Frederick Alderdice constate non seulement qu'il ne peut réduire les dépenses ni contracter d'autres emprunts, mais que les banques lui dictent des conditions draconiennes. Le gouvernement songe alors à une inexécution partielle de ses engagements, réduisant ainsi temporairement le remboursement de la dette. Les gouvernements britannique et canadien font immédiatement barrage à cette proposition. Terre-Neuve utilise le dollar canadien depuis 1894. Le Canada ne veut pas que sa monnaie et son secteur bancaire en souffrent. La Grande-Bretagne craint pour sa part une atteinte à la cote de crédit de tout l'empire. Le Canada et la Grande-Bretagne consentent donc à financer le remboursement de la dette en attendant le dépôt du rapport d'une commission royale d'enquête.

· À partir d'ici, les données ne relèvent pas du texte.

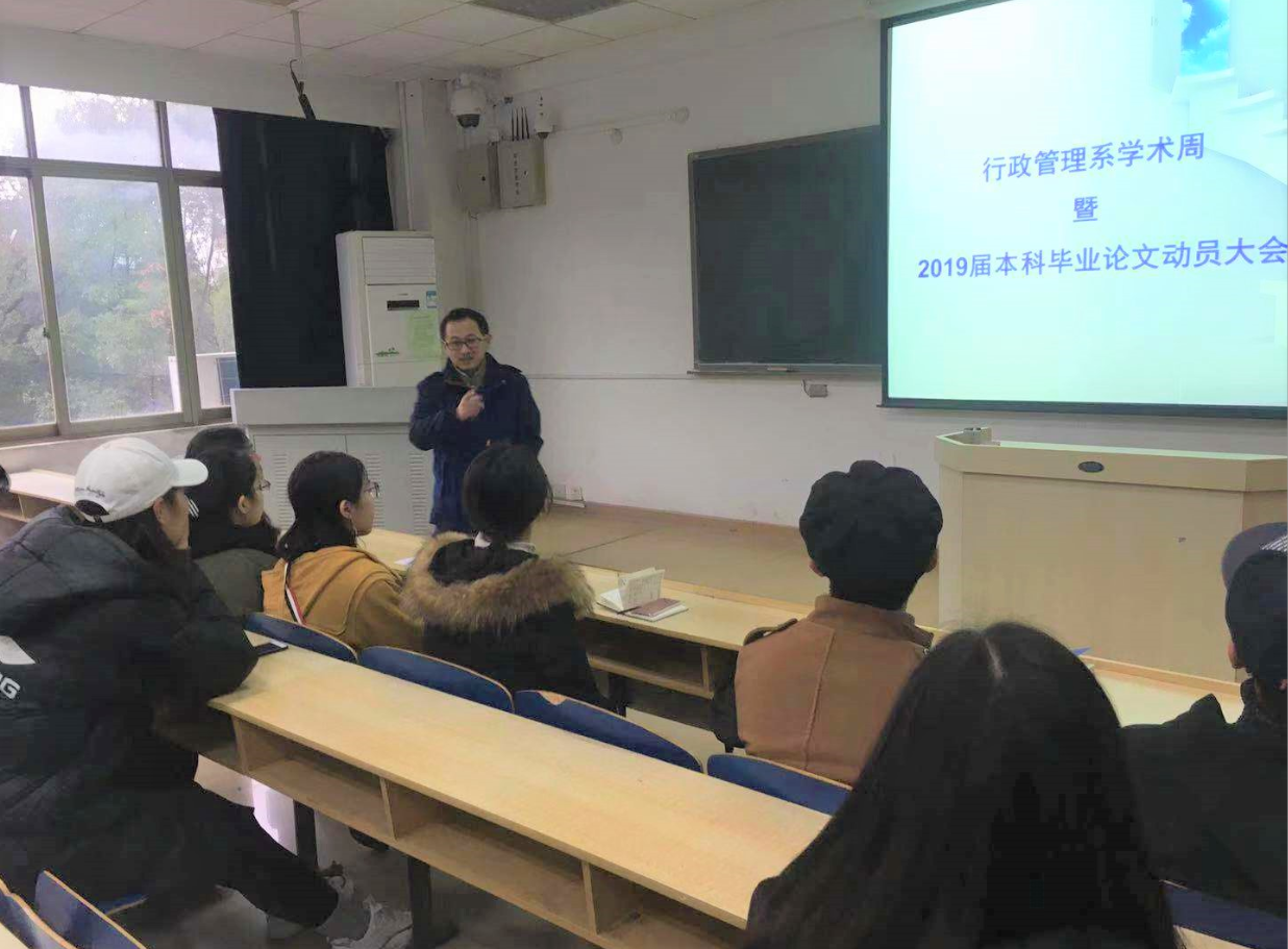 2018年12月26日下午2点,我院2015级行政管理专业在科教北楼301召开了行政管理系学术周暨毕业论文动员大会,行管系副主任李晓飞老师和学工办辅导员梁慧老师参会。会议旨在加强2015级毕业生对毕业论文的重视,以及对毕业论文相关注意事项进行指导,使学生顺利通过毕业论文答辩并产生高质量的论文成果。

La Commission royale Amulree

Son président, lord Amulree, pair du royaume et membre du Parti travailliste écossais, est assisté dans ses travaux par l'homme d'affaires canadien Charles Magrath, représentant le gouvernement du Canada, et le banquier canadien sir William Stavert, représentant le gouvernement terre-neuvien. La Commission Amulree recueille des faits à Terre-Neuve et au Canada, puis publie un rapport en novembre 1933 après la tenue de consultations auprès du gouvernement britannique.

Le rapport de la Commission Amulree recommande la suspension du gouvernement responsable et la mise sur pied d'une commission qui veillera à l'administration du dominion. La commission poursuivra ses activités jusqu'à ce que Terre-Neuve parvienne à l'équilibre budgétaire et à l'autonomie financière. Les citoyens doivent également manifester le désir d'un retour au gouvernement responsable. Entre-temps, la Grande-Bretagne cautionnerait le rééchelonnement global de la dette. Ainsi, l'allégement des paiements sur le remboursement de la dette publique éviterait la faillite. Les détenteurs d'obligations recevraient les paiements en capital, mais avec une diminution des intérêts. Ces interventions financières étant contraires au fondement d'un gouvernement responsable, il devient impératif d'abroger la constitution. Le gouvernement sera remplacé par une « Commission de gouvernement ».

Le rapport est largement applaudi. De nombres habitants n'ont plus confiance dans leurs institutions démocratiques. L'aide de la Grande-Bretagne est à ce prix, selon eux. La Grande Crise produit pauvreté et violence. L'ordre public est menacé. Bien des citoyens sont ouverts à toute solution qui favorise la sécurité des biens et des personnes. Peu remettent en question une telle manœuvre. S'ils avaient su la durée de son mandat cependant, peut-être un plus grand nombre l'aurait-il contestée.

Le gouvernement britannique ne veut pas d'élection ou de référendum sur le sujet. Frederick Alderdice doit plutôt présenter une demande d'abrogation de la constitution à la Couronne, puis mettre en application les recommandations du rapport de la Commission Amulree. Frederick Alderdice obéit aux directives. Le 16 février 1934, l'assermentation de la Commission de gouvernement de Terre-Neuve marque la fin du gouvernement responsable.